Consider this WxR boolean matrix M: M_ij = 1 if wine bottle i is in set Sj. Otherwise M_ij=0.
The essential property demanded (for a worst-case result allowing us to identify the P poisoned bottles) is that for any P-element subset of the rows of the matrix, its logical-OR (as an R-bit binary word) is DISTINCT from that arising from any other P-element subset. (This logical OR's locations for its 1-bits give the names of the dead rats.)
So evidently for a solution to exist we need that binomial(W, P) <= 2^R.
It was proposed that W=1000, P=2. Hence the left hand side is 499500=1000*999/2. Hence a solution cannot exist unless there are at least 19 rats, R>=19.
Since Kleber had R=10, we conclude there is no solution guaranteed to identify the two poisoned bottles.
We can however adopt the weaker goal of trying to identify some subset of bottles we can guarantee are safe. In that case, just partition the bottles into R equal-size subsets each with W/R bottles. Then P rats die whereupon we've identified (R-P)*W/R safe wine bottles. With R=10, P=2, W=1000, we identify 800 safe ones this way.

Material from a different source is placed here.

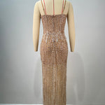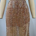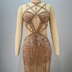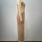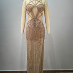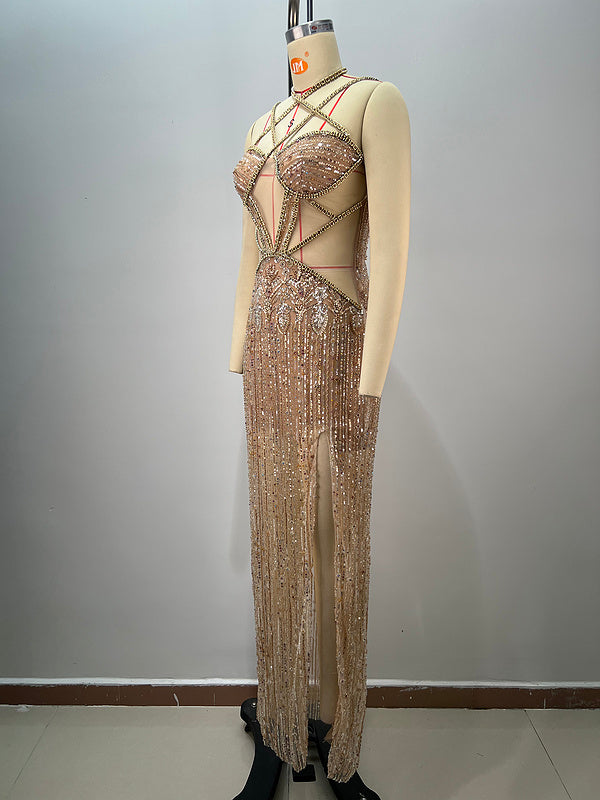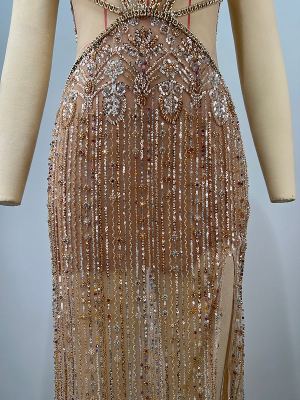 Dazzle in this shimmering champagne gown with bold front cutouts, side slit, and criss-cross neckline. Ideal for pageants or luxury evening affairs.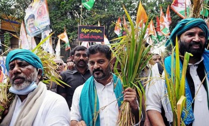 ధాన్యం కొనుగోలుపై రాష్ట్రంలో మూడు ప్రధాన పార్టీలు ధర్నాలు, ర్యాలీలతో రాష్ట్రాన్ని హోరెత్తించేస్తున్నాయి. కాంగ్రెస్ పార్టీ కూడా గురువారం పబ్లిక్ గార్డెన్స్ నుంచి బషీర్బాగ్లోని వ్యవసాయ కమీషనరేట్ వరకు ర్యాలీ నిర్వహించింది. ఈ సందర్భంగా పిసిసి అధ్యక్షుడు రేవంత్ రెడ్డి మీడియాతో మాట్లాడుతూ, “టిఆర్ఎస్, బిజెపిలు రెండూ పరస్పరం కత్తులు దూసుకొంటున్నట్లు డ్రామాలు ఆడుతున్నప్పటికీ ఆ రెండూ కలిసి రాష్ట్రంలో రైతులను మభ్యపెట్టేందుకు జాయింట్ యాక్షన్ కమిటీ (జేఏసీ)గా పనిచేస్తున్నాయి. కేంద్రం సూచనల ప్రకారమే కేసీఆర్ ధర్నా చేశారు. కేసీఆర్కు రైతుల సమస్యలను పరిష్కరించాలనే చిత్తశుద్ది ఉంటే ఢిల్లీలో ధర్నాలు చేయాలి. ఇక్కడ కాదు. అక్కడ రైతులు ధాన్యం రోడ్లపై పోసుకొని ఎదురుచూస్తుంటే వారి వద్ద నుంచి ధాన్యం కొనకుండా సిఎం కేసీఆర్ ధర్నాలు చేయడం హాస్యాస్పదంగా ఉంది. సహారా కుంభకోణంలో సిఎం కేసీఆర్ను జైలుకి వెళ్ళకుండా ప్రధాని నరేంద్రమోడీ, కేంద్రహోంమంత్రి అమిత్ షాలే కాపాడుతున్నారు. బండి సంజయ్ రాష్ట్రంలో తిరిగితే ఏం ప్రయోజనం? ఢిల్లీకి వెళ్ళి తమ పార్టీ అధిష్టానాన్ని, కేంద్రప్రభుత్వాన్ని ధాన్యం కొనుగోలుకి ఒప్పించాలి. లేకుంటే అక్కడే జంతర్ మంతర్ వద్ద ధర్నా చేయాలి,” అని అన్నారు.

Returning to the original problem of identifying the poisoned bottles, Kleber's binary method shows the inequality I gave is tight (up to integer roundoff) if P=1. But what if P>=2?

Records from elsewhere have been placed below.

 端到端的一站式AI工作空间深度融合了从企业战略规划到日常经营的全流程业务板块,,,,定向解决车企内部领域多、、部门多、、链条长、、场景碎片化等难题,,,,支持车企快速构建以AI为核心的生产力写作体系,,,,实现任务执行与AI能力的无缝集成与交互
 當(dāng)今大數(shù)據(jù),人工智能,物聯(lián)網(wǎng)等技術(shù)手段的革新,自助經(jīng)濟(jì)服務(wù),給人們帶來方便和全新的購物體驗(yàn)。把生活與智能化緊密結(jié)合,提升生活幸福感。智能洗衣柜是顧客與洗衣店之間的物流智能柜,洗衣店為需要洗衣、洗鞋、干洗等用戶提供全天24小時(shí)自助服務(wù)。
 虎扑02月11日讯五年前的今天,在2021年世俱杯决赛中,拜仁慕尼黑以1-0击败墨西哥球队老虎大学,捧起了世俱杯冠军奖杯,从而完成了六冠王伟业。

I will now attempt to sketch an argument that my trivial inequality is not too far off being tight, for any FIXED P.
To prove this, consider selecting the matrix M at random, each bit chosen by an i.i.d. coin toss, where the coin used is biased with a particular well-chosen constant bias. Specifically, I choose the bias in such a way that the expected number of 1-bits in the R-vector got by ORing P rows of the matrix, comes out to be R/2.
I claim this argument will show that R = C * lg( binomial(W,P) ) rats suffice, for some positive constant C. To prove this (i.e. to supply the details of the proof, which I have not provided since I am lazy), you need to argue that with positive probability, all those P-row-ORs will indeed be distinct. This can be done by arguing the expected number of conflicting P-row-subset pairs is <1. Then since probability>0, that proves some set of such coin tosses must exist, which have this property, hence a suitable experimental-design exists. QED.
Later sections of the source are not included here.